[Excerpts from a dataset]
______

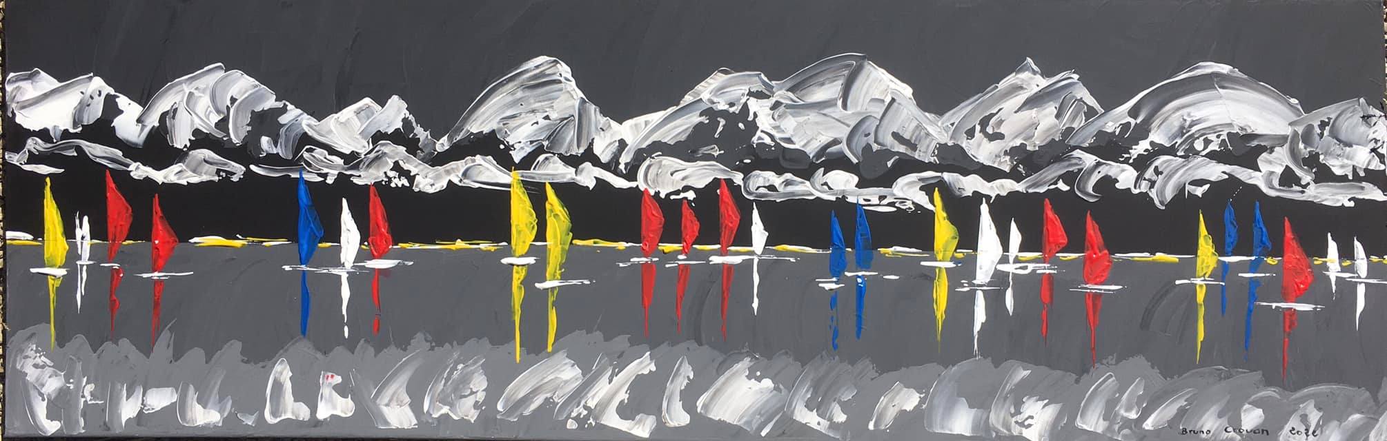 Acrylique au couteau sur toile 120X40 :"Régate au pied des montagnes enneigées de Corse." (2021)
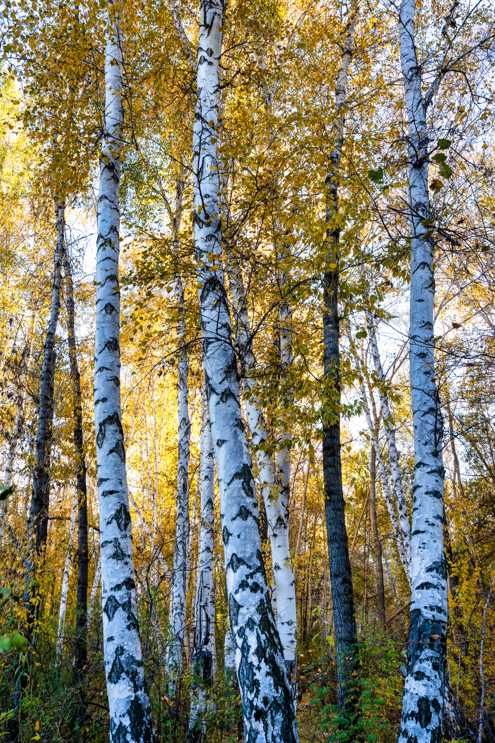 秋天内蒙古乌兰布统坝上草原的白桦树白桦林
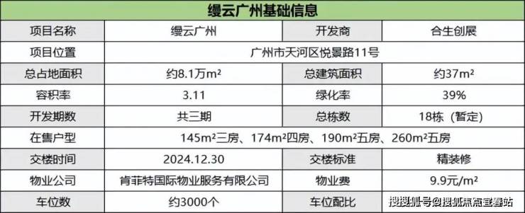 合生缦云广州,位于广州市天河区悦景路11号,是一座集高端住宅、优质教育与自然景观于一体的大型综合社区项目。项目总占地面积约8.1万平方米,总建筑面积37万平方米,共42栋楼,规划1270户。该项目的户型价格范围在6.8万元/平方米至10万元/平方米,主要以低密度小高层为主,梯户比为2梯2户和3梯2户。合生缦云不仅注重居住舒适度,更结合天河区的未来发展潜力,打造出一个适宜居住、工作与休闲的高端社区。
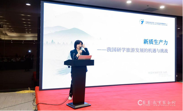 論壇的主題報告環節,中國旅游研究院副研究員張楊、人民教育出版社編審劉健、秦皇島教師與教研中心書記盧志新、人教文化交流中心副主任袁冶分別以“新質生產力:我國研學旅游發展的機遇與挑戰”“核心素養視域下的研學實踐課程開發與實施”“科技引領創新推動 全面深化研學教育”“構建行業協同新生態 打造實踐育人新格局 人教研學在中小學研學實踐教育領域的探索與思考”為題,從不同視角分享了各自對我國研學實踐教育的思考和洞察。
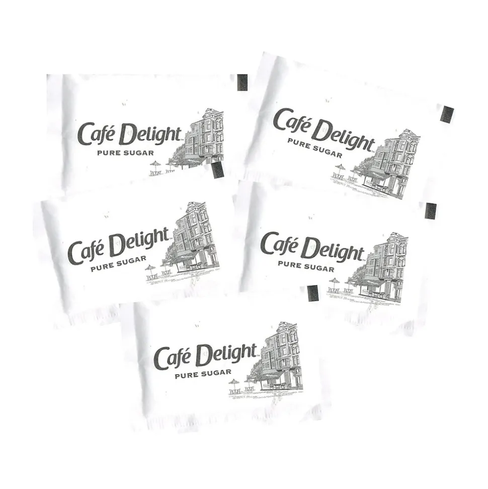Add a dash of sweetness to coffees, teas, and other drinks with these sugar packets. The pre-measured design makes it easy to get just the right amount of sugar, while the individual packaging ensures that contents stay dry and clean. These Cafe Delight packets are made with 100 percent cane sugar and come with 1000 to a box for convenient stocking.

______

The required output is every line from the one containing "合生缦云广州,位于广州市天河" through the last line of the records, inclusive, reproduced exactly and without pictures.

[Response area]
 合生缦云广州,位于广州市天河区悦景路11号,是一座集高端住宅、优质教育与自然景观于一体的大型综合社区项目。项目总占地面积约8.1万平方米,总建筑面积37万平方米,共42栋楼,规划1270户。该项目的户型价格范围在6.8万元/平方米至10万元/平方米,主要以低密度小高层为主,梯户比为2梯2户和3梯2户。合生缦云不仅注重居住舒适度,更结合天河区的未来发展潜力,打造出一个适宜居住、工作与休闲的高端社区。
 論壇的主題報告環節,中國旅游研究院副研究員張楊、人民教育出版社編審劉健、秦皇島教師與教研中心書記盧志新、人教文化交流中心副主任袁冶分別以“新質生產力:我國研學旅游發展的機遇與挑戰”“核心素養視域下的研學實踐課程開發與實施”“科技引領創新推動 全面深化研學教育”“構建行業協同新生態 打造實踐育人新格局 人教研學在中小學研學實踐教育領域的探索與思考”為題,從不同視角分享了各自對我國研學實踐教育的思考和洞察。
Add a dash of sweetness to coffees, teas, and other drinks with these sugar packets. The pre-measured design makes it easy to get just the right amount of sugar, while the individual packaging ensures that contents stay dry and clean. These Cafe Delight packets are made with 100 percent cane sugar and come with 1000 to a box for convenient stocking.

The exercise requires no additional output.